▶ **Description of the task**:
For the data that follows, print the line with "Using L’Hopital rule", the line with "Whether it's decking", and all lines between them, exactly as they stand. Omit pictures and add nothing.

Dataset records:
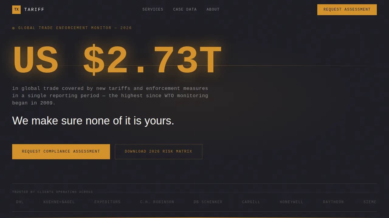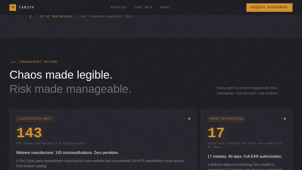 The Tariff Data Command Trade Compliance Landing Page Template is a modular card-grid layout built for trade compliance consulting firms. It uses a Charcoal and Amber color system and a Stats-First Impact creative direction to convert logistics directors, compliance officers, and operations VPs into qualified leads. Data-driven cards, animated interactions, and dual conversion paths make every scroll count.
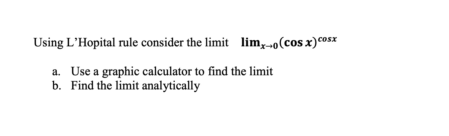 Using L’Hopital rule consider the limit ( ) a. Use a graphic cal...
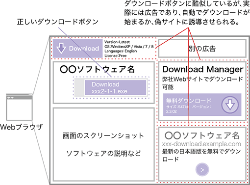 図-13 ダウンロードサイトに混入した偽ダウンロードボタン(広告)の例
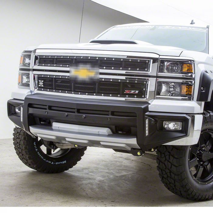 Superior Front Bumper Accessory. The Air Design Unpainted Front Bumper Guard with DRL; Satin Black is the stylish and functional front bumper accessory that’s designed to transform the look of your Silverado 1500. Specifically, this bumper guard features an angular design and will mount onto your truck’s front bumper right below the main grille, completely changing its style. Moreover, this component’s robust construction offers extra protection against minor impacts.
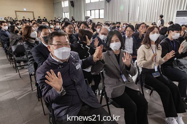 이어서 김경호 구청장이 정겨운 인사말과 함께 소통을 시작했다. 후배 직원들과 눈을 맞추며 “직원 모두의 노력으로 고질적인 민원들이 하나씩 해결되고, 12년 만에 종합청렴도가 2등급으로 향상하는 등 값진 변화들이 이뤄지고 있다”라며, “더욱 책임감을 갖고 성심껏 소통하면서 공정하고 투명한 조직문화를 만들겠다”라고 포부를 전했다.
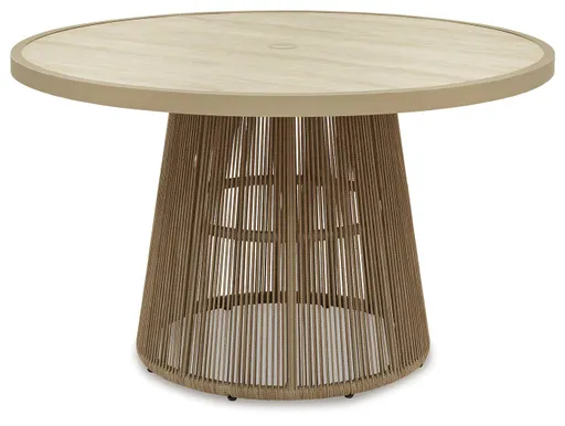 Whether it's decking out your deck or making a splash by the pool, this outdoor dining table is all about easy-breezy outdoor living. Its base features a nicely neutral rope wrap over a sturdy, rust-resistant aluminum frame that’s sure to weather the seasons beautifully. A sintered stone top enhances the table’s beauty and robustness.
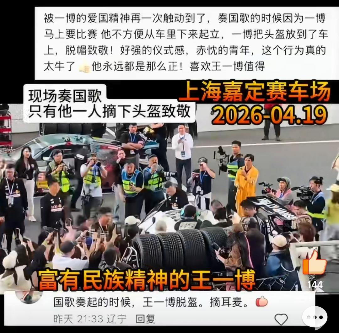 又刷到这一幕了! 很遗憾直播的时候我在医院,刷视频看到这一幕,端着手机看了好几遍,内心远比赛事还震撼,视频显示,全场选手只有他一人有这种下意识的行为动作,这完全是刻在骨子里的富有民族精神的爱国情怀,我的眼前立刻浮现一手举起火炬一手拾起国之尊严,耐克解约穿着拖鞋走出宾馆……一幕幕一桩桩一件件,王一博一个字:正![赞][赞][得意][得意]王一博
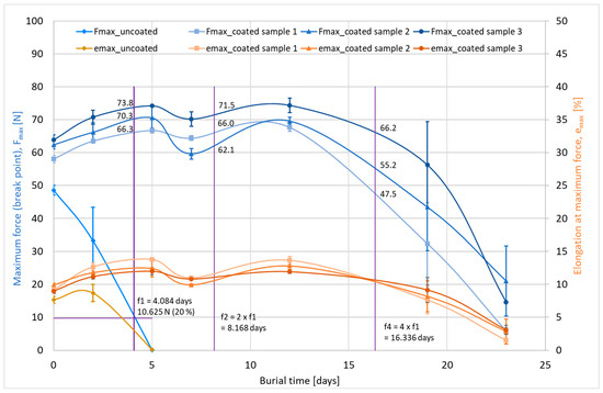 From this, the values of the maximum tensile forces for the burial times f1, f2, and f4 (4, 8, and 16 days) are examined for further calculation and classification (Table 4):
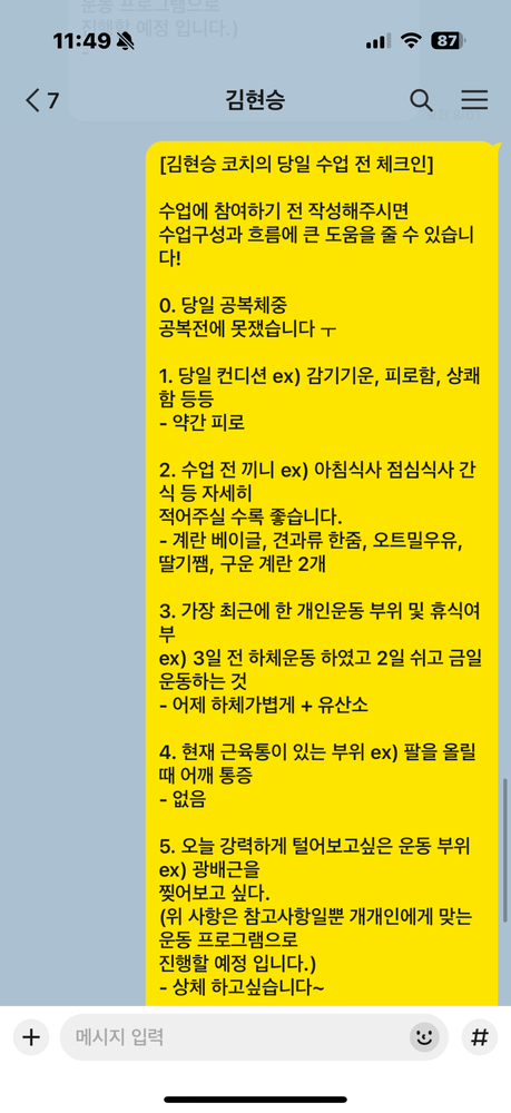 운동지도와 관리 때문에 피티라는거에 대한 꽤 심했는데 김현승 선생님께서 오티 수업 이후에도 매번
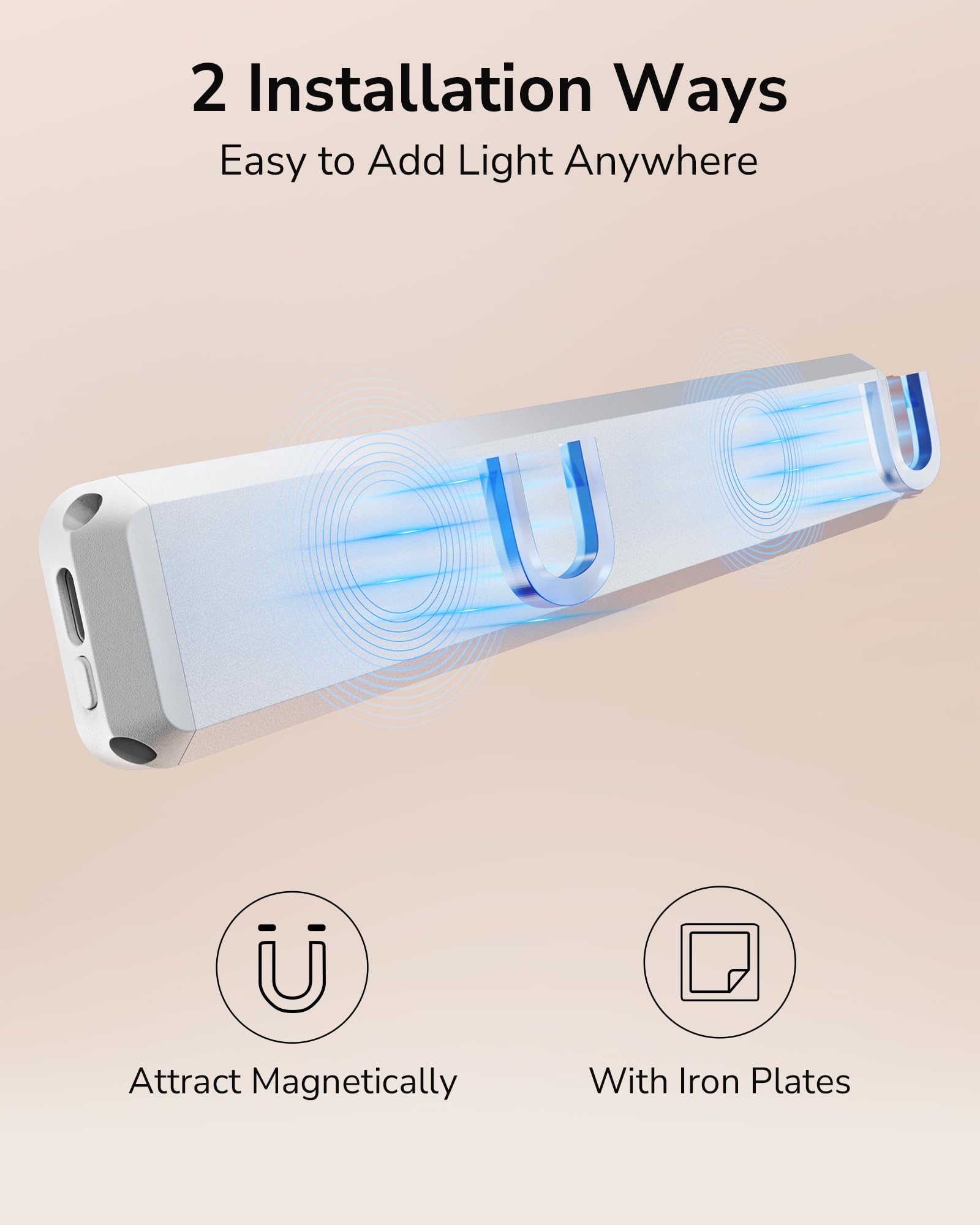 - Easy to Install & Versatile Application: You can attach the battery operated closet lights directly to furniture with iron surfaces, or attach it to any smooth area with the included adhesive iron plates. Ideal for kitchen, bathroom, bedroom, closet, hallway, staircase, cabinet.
==
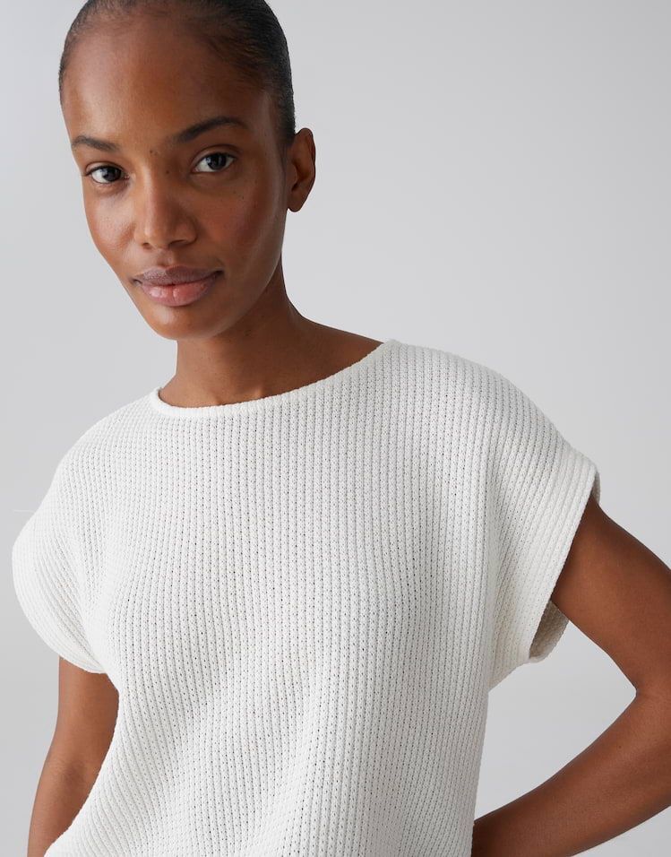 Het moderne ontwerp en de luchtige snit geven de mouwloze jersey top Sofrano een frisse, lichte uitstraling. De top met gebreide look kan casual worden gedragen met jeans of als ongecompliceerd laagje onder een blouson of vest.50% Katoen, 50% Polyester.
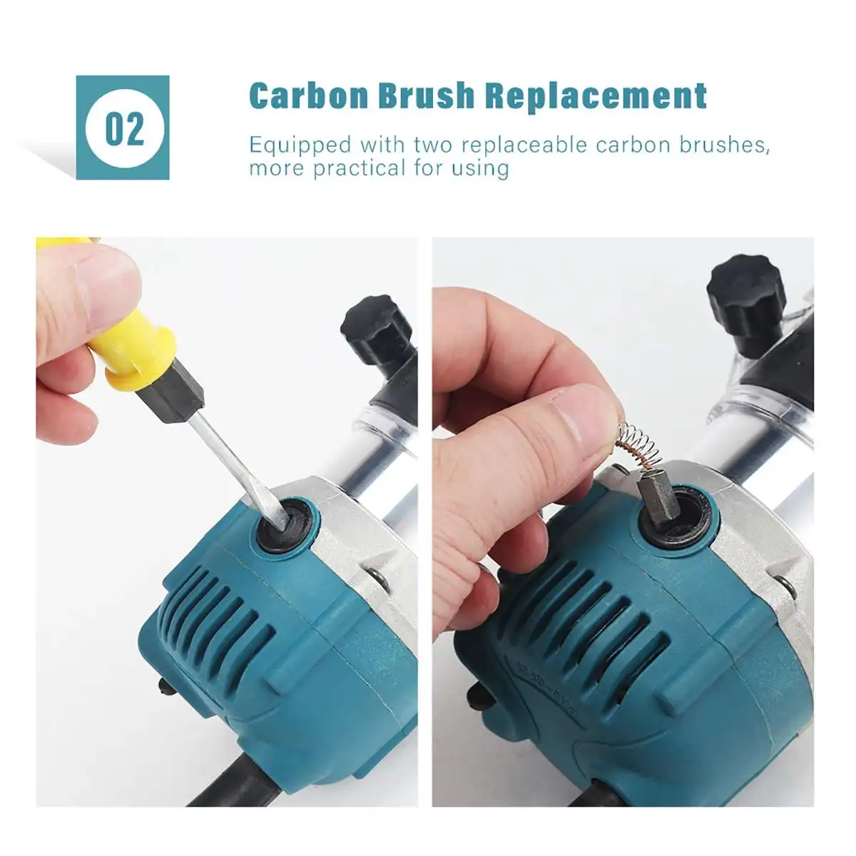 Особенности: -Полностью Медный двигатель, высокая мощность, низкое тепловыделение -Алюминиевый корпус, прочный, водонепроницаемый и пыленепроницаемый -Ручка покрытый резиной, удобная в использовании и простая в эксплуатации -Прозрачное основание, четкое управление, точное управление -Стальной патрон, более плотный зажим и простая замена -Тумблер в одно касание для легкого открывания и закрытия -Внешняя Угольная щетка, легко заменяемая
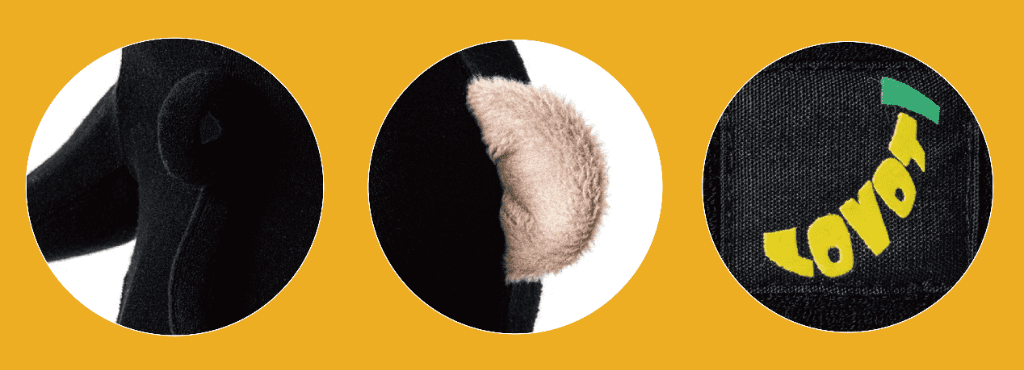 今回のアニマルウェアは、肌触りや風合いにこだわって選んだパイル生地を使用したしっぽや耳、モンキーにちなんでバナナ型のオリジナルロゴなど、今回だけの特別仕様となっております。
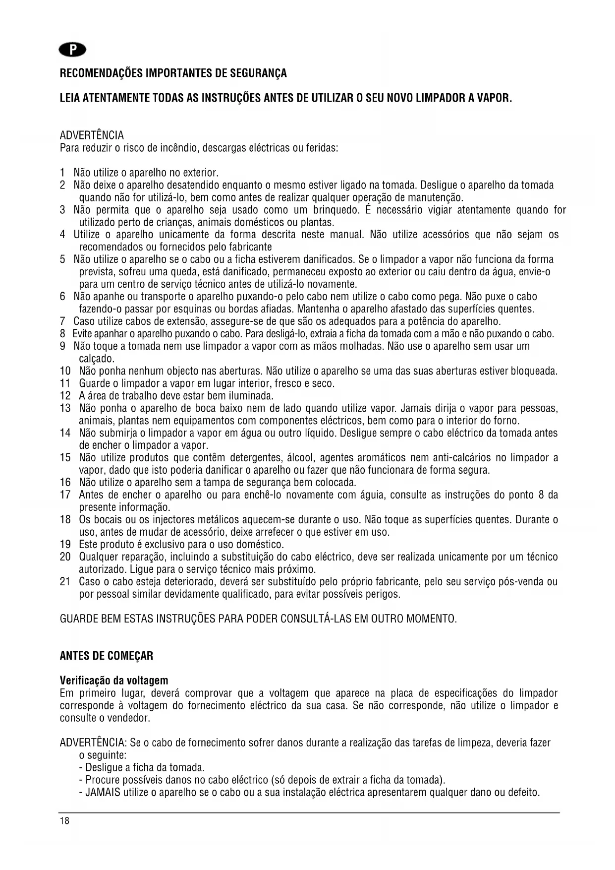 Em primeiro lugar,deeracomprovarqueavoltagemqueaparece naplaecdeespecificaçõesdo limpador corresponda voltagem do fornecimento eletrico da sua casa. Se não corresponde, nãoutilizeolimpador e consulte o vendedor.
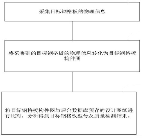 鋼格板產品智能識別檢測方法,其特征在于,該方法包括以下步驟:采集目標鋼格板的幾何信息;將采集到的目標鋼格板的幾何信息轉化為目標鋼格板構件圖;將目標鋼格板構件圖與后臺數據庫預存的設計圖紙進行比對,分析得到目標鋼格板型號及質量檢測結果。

▶ **Output for this task**:
 Using L’Hopital rule consider the limit ( ) a. Use a graphic cal...
 図-13 ダウンロードサイトに混入した偽ダウンロードボタン(広告)の例
 Superior Front Bumper Accessory. The Air Design Unpainted Front Bumper Guard with DRL; Satin Black is the stylish and functional front bumper accessory that’s designed to transform the look of your Silverado 1500. Specifically, this bumper guard features an angular design and will mount onto your truck’s front bumper right below the main grille, completely changing its style. Moreover, this component’s robust construction offers extra protection against minor impacts.
 이어서 김경호 구청장이 정겨운 인사말과 함께 소통을 시작했다. 후배 직원들과 눈을 맞추며 “직원 모두의 노력으로 고질적인 민원들이 하나씩 해결되고, 12년 만에 종합청렴도가 2등급으로 향상하는 등 값진 변화들이 이뤄지고 있다”라며, “더욱 책임감을 갖고 성심껏 소통하면서 공정하고 투명한 조직문화를 만들겠다”라고 포부를 전했다.
 Whether it's decking out your deck or making a splash by the pool, this outdoor dining table is all about easy-breezy outdoor living. Its base features a nicely neutral rope wrap over a sturdy, rust-resistant aluminum frame that’s sure to weather the seasons beautifully. A sintered stone top enhances the table’s beauty and robustness.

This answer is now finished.